WHAT YOU HAVE TO DO:
For this exercise, an exact copy is needed of only the lines from the one containing "孕妇秋季连衣裙套装潮妈新款韩系时尚针织内搭宽松显瘦牛仔背带裙" through the end of the data, with pictures left out.

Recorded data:
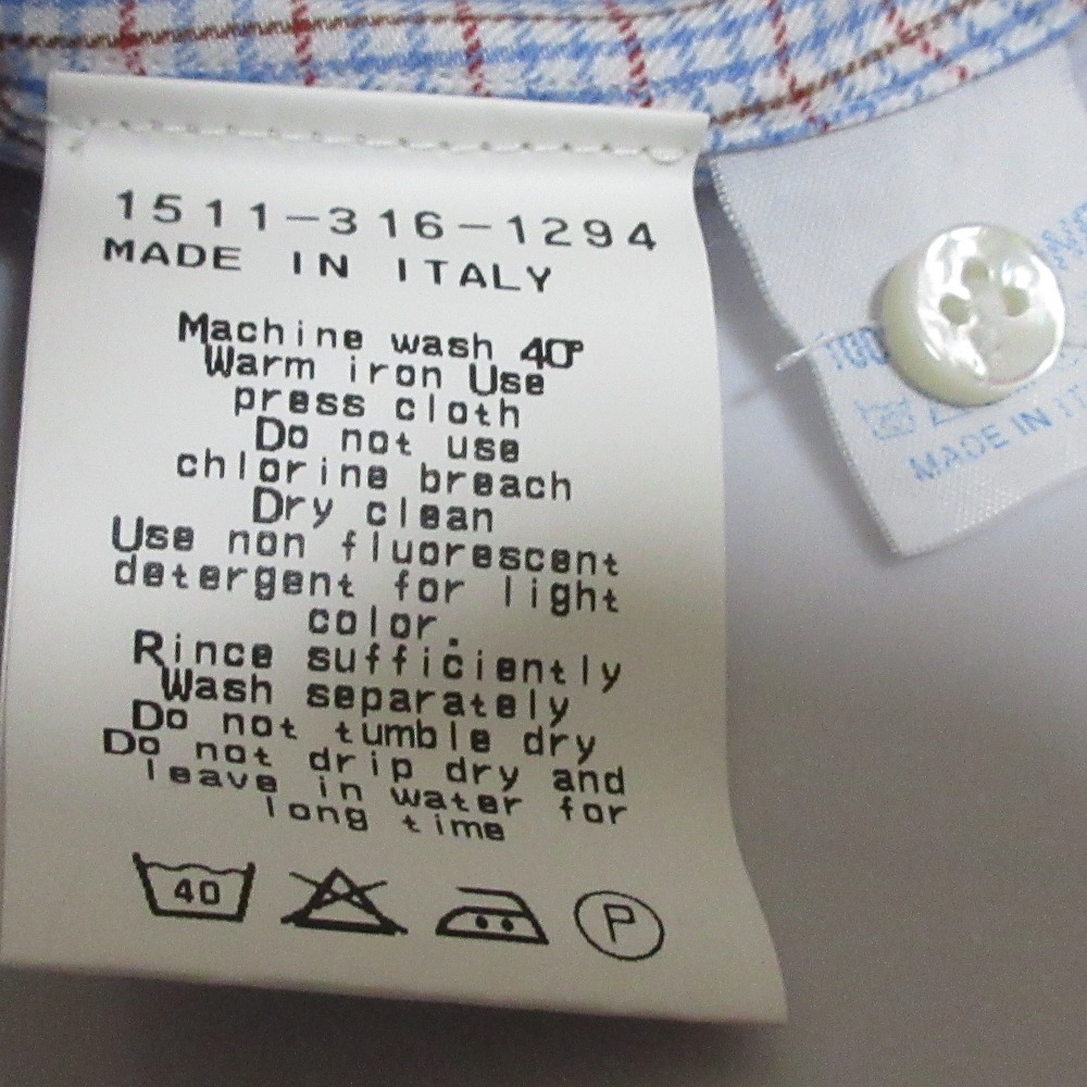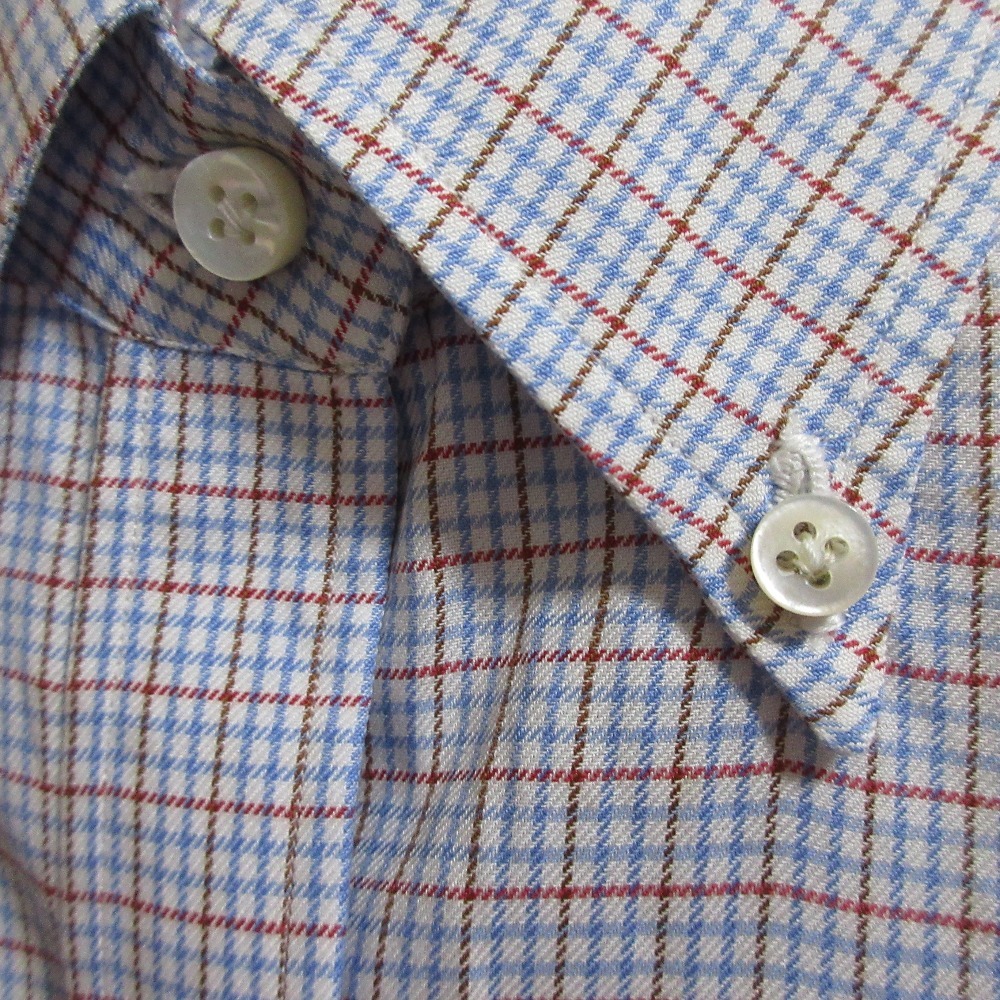 商品名:クリーニング済み LUIGI BORRELLI ルイジボレッリ チェック柄 長袖 ボタンダウン BDシャツ サイズ42 マルチカラー
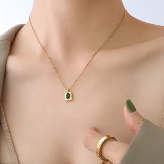 Dây Chuyền Titan Mặt Đá Nhân Tạo Màu Xanh Lá TT 4186
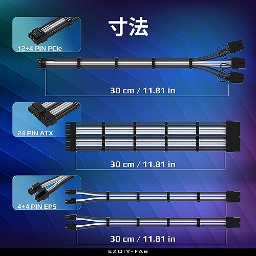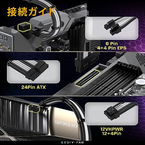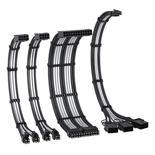 PCIe 5.0 12VHPWR 電源専用 PSUケーブル 延長スリーブケーブル 24ピン ATX/(4+4) ピン EPS/16 ピン (12+4) - 3X PCIE 8 ピンPCIE 電源ケーブル延長 GPU RTX4080/4070Ti 延長ケーブル16AWG - 黒白
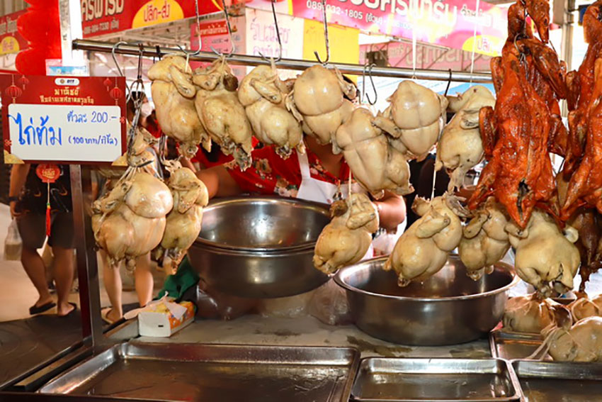 นายวิทยากร กล่าวว่า กรมได้ตรวจเยี่ยมการจำหน่ายสินค้า ณ ร้านค้าภายในตลาดเวิลด์มาร์เก็ต พบว่า บรรยากาศเป็นไปด้วยความคึกคักกว่าปีก่อน มีพ่อค้าแม่ค้า นำสินค้าที่เกี่ยวกับตรุษจีน มาจำหน่ายเป็นจำนวนมาก และประชาชนให้ความสนใจเข้ามาเลือกซื้อสินค้า โดยสินค้าที่ได้รับความนิยมอย่างไก่สด ราคาอยู่ที่ 80-85 บ./กิโลกรัม (กก.) และไก่ต้มสุก ราคาอยู่ที่ 125-130 บ./กก. ส่วนใหญ่ราคาใกล้เคียงกับปีที่ผ่านมา ไม่มีการปรับขึ้นราคาแต่อย่างใด เนื่องจากผู้ค้าอยากขายเพื่อสร้างรายได้
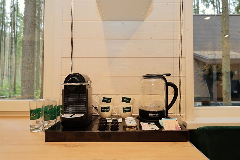 - чайная станция с кофемашиной, набор посуды для сервировки;
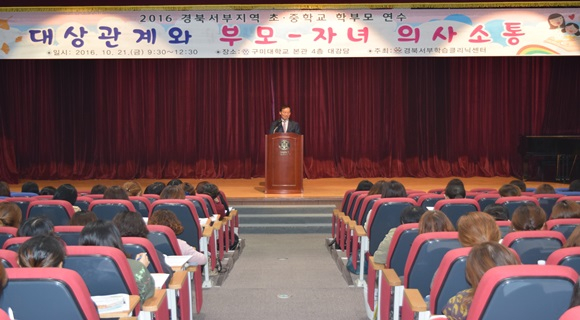 [구미] 구미교육지원청 경북서부학습클리닉센터는 10월 21일 구미대학교 4층 대강당에서 경북서부지역(구미, 김천, 칠곡, 상주, 성주, 군위) 학부모 150여명을 대상으로 서부학습클리닉센터 학부모 연수를 개최했다.
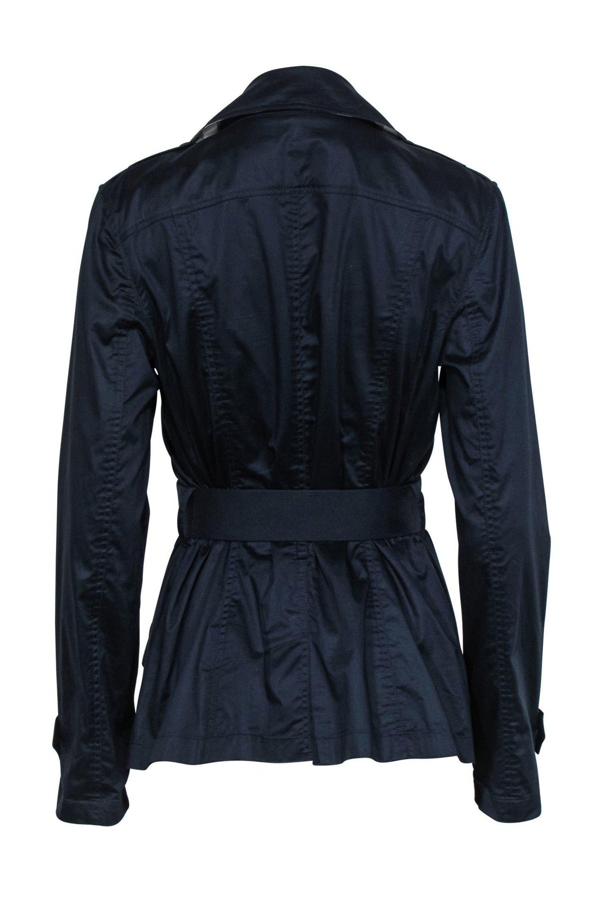 Go for a stroll in the park wearing this timeless and classic navy jacket by Burberry! This button down piece features a double breasted silhouette and belted cuffs, which adds a sophisticated and refined edge to your wardrobe. This must-have jacket pairs well with anything from jeans to heels, but we love this styled down with booties!
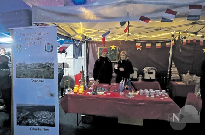 Der Förderkreis der Städtepartnerschaft zeigte „Fahnen“ und servierte Caromber Weihnachtspunsch.Foto: privat
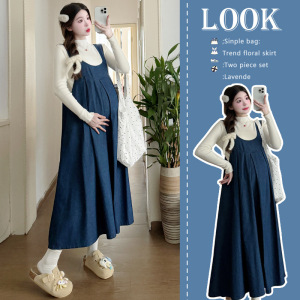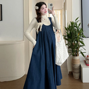 孕妇秋季连衣裙套装潮妈新款韩系时尚针织内搭宽松显瘦牛仔背带裙
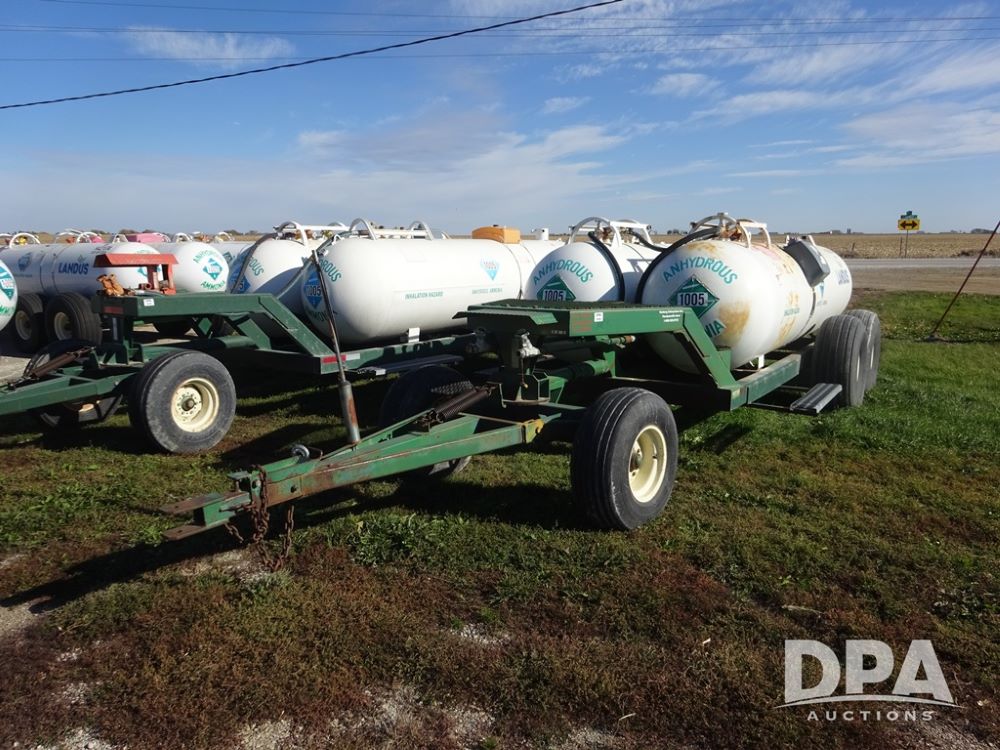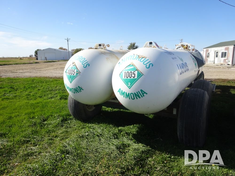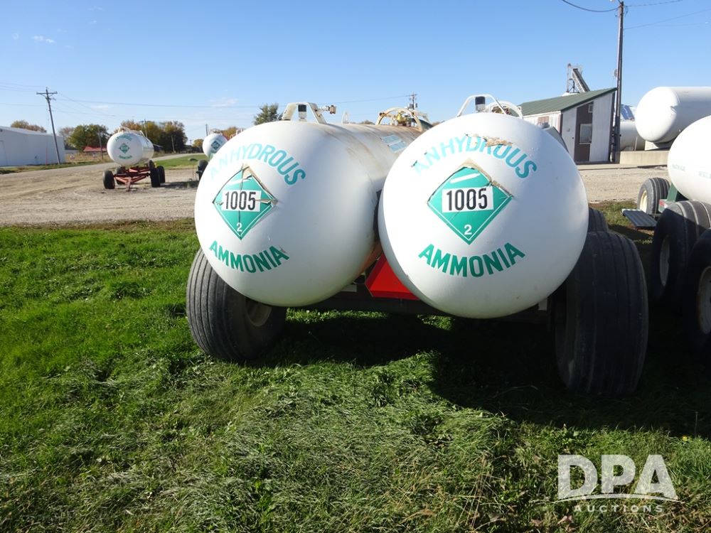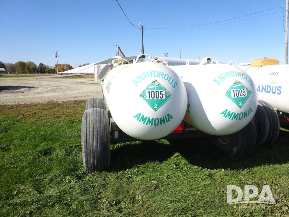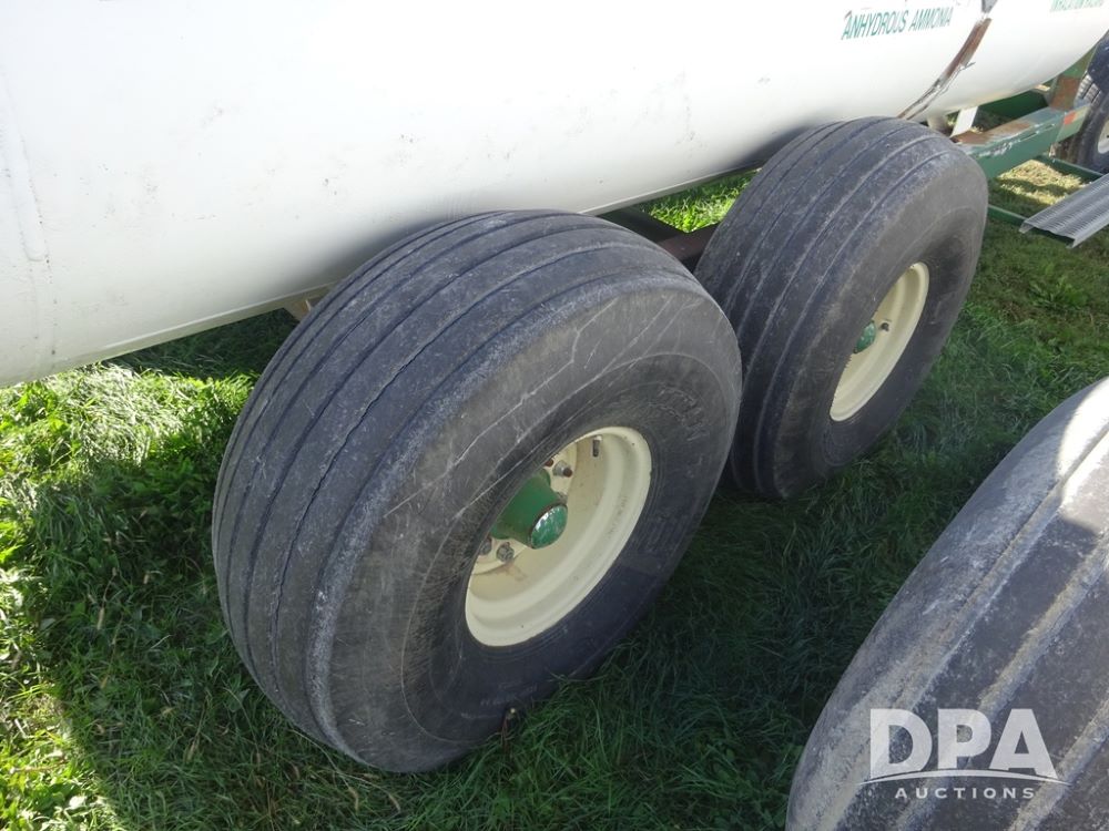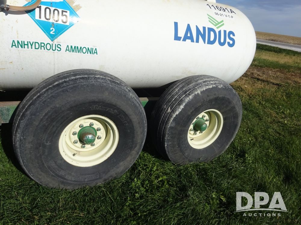 Double NH3 Nurse Tanks (PZ14162, Unit 11691), Double Trinity 1000 gallon NH3 nurse tanks, top front fills, poly water tank, data plates, 6-21 VPT, Vosberg 6WLGP 5th wheel tandem axle running gear, spring tongue, side steps, 12.5L-15SL front flotation tires, 16.5L-16.1SL rear flotation tires.
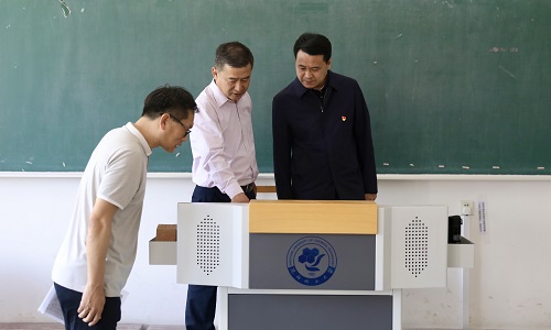 在视察过程中,资产与实验室管理处处长姜兴伟介绍了瑞师楼教室设施和设备的改造情况。楼内全部教室更换防盗门,新建30余间多媒体教室,新装设备包括一键上下课、网络教学终端、吊麦、5100流明激光投影和音箱等,为师生教学提供了安全便利智慧的环境保障。
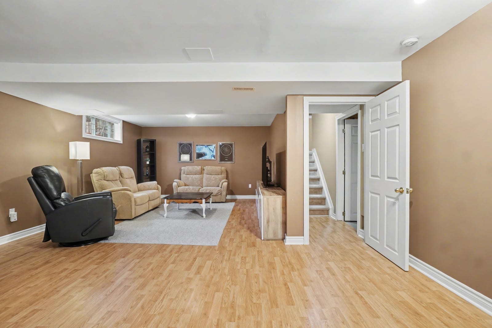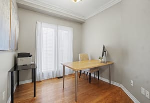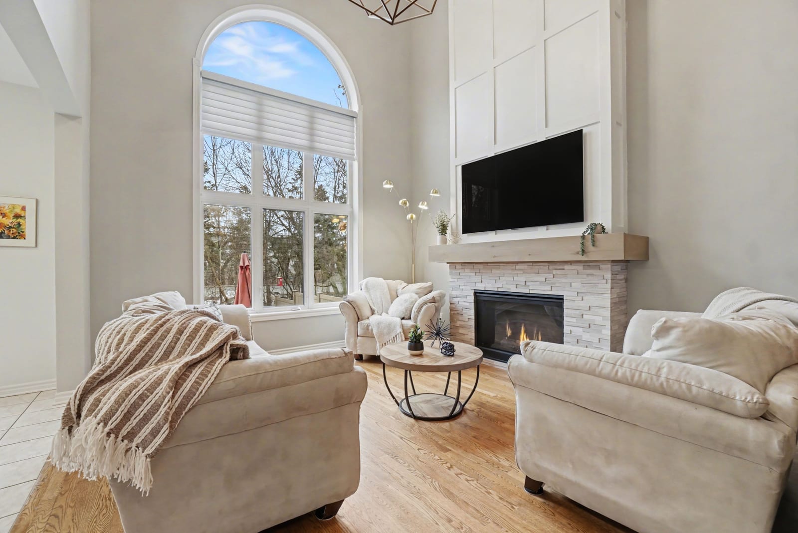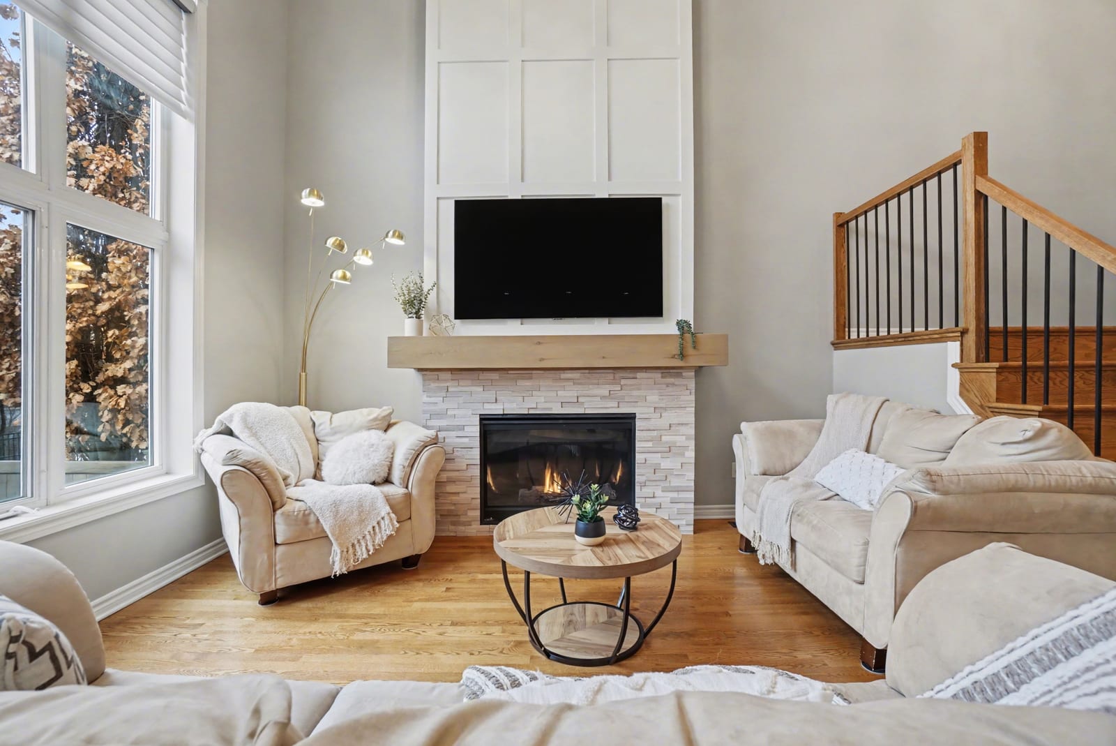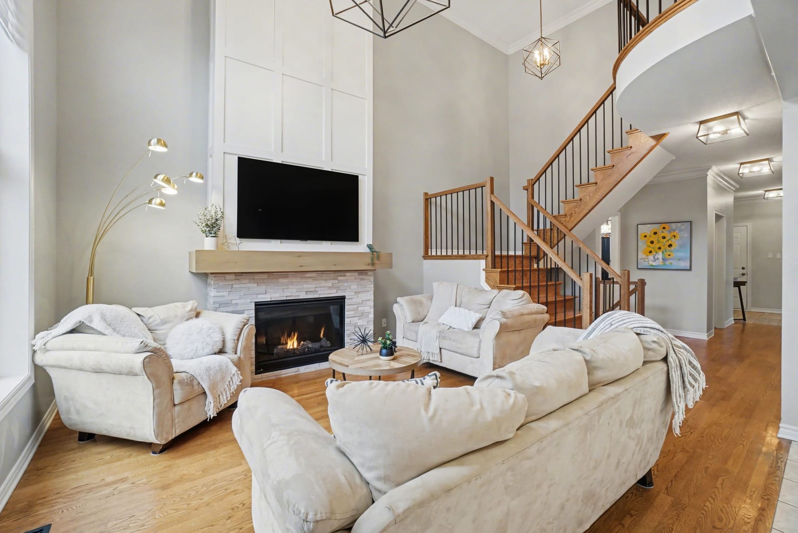 The adjacent family room is truly breathtaking, highlighted by a striking two-storey accent wall and a cozy gas fireplace —perfect for gathering with family and friends. A spacious main floor den provides an ideal work-from-home setup, while a stylish, Pinterest-worthy powder room adds a touch of personality. A large walk-in closet at the front entrance and direct access to the double car garage complete this level.

WRITTEN SOLUTION:
 孕妇秋季连衣裙套装潮妈新款韩系时尚针织内搭宽松显瘦牛仔背带裙
 Double NH3 Nurse Tanks (PZ14162, Unit 11691), Double Trinity 1000 gallon NH3 nurse tanks, top front fills, poly water tank, data plates, 6-21 VPT, Vosberg 6WLGP 5th wheel tandem axle running gear, spring tongue, side steps, 12.5L-15SL front flotation tires, 16.5L-16.1SL rear flotation tires.
 在视察过程中,资产与实验室管理处处长姜兴伟介绍了瑞师楼教室设施和设备的改造情况。楼内全部教室更换防盗门,新建30余间多媒体教室,新装设备包括一键上下课、网络教学终端、吊麦、5100流明激光投影和音箱等,为师生教学提供了安全便利智慧的环境保障。
 The adjacent family room is truly breathtaking, highlighted by a striking two-storey accent wall and a cozy gas fireplace —perfect for gathering with family and friends. A spacious main floor den provides an ideal work-from-home setup, while a stylish, Pinterest-worthy powder room adds a touch of personality. A large walk-in closet at the front entrance and direct access to the double car garage complete this level.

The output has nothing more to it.